»»

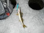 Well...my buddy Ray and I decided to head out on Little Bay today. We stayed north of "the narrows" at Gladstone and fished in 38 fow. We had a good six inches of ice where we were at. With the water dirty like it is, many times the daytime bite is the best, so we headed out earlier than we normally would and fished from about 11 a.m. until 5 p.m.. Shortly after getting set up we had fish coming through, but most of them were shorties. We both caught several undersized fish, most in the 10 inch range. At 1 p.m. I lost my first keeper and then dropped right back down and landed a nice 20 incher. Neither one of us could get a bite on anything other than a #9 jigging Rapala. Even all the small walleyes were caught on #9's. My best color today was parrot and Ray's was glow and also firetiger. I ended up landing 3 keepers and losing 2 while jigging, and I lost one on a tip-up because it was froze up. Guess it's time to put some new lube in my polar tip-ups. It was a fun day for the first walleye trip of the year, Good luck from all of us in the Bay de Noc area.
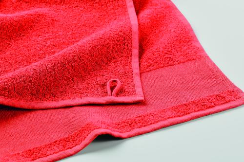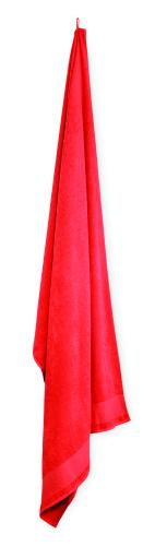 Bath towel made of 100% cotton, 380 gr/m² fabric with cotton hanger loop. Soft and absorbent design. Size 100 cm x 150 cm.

««
»»

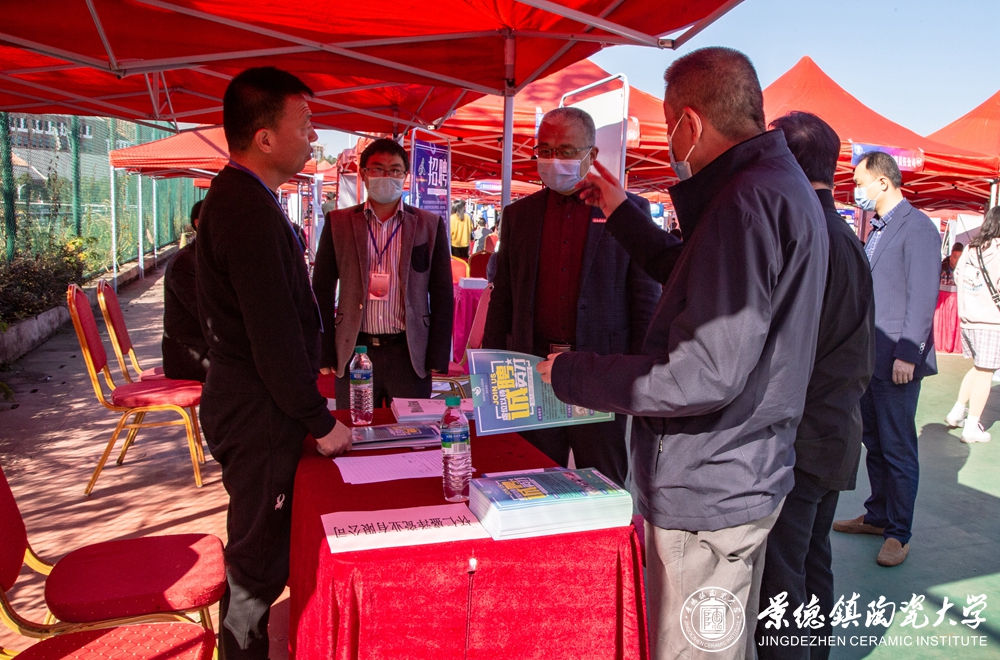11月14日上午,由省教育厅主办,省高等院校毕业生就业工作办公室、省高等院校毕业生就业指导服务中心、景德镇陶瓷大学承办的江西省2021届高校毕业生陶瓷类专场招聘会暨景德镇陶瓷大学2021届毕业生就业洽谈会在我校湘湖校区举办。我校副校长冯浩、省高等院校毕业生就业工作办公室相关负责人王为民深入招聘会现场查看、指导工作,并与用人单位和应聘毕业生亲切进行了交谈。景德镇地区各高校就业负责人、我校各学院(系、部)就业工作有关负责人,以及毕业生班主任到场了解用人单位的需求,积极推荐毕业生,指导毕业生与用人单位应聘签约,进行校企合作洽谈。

««

▶ What you will do
Reproduce the data above exactly, but only the lines from the one showing "Well...my buddy Ray" through the one showing "Bath towel made", with both ends kept and the pictures left out.

▶ Your solution
 Well...my buddy Ray and I decided to head out on Little Bay today. We stayed north of "the narrows" at Gladstone and fished in 38 fow. We had a good six inches of ice where we were at. With the water dirty like it is, many times the daytime bite is the best, so we headed out earlier than we normally would and fished from about 11 a.m. until 5 p.m.. Shortly after getting set up we had fish coming through, but most of them were shorties. We both caught several undersized fish, most in the 10 inch range. At 1 p.m. I lost my first keeper and then dropped right back down and landed a nice 20 incher. Neither one of us could get a bite on anything other than a #9 jigging Rapala. Even all the small walleyes were caught on #9's. My best color today was parrot and Ray's was glow and also firetiger. I ended up landing 3 keepers and losing 2 while jigging, and I lost one on a tip-up because it was froze up. Guess it's time to put some new lube in my polar tip-ups. It was a fun day for the first walleye trip of the year, Good luck from all of us in the Bay de Noc area.
 Bath towel made of 100% cotton, 380 gr/m² fabric with cotton hanger loop. Soft and absorbent design. Size 100 cm x 150 cm.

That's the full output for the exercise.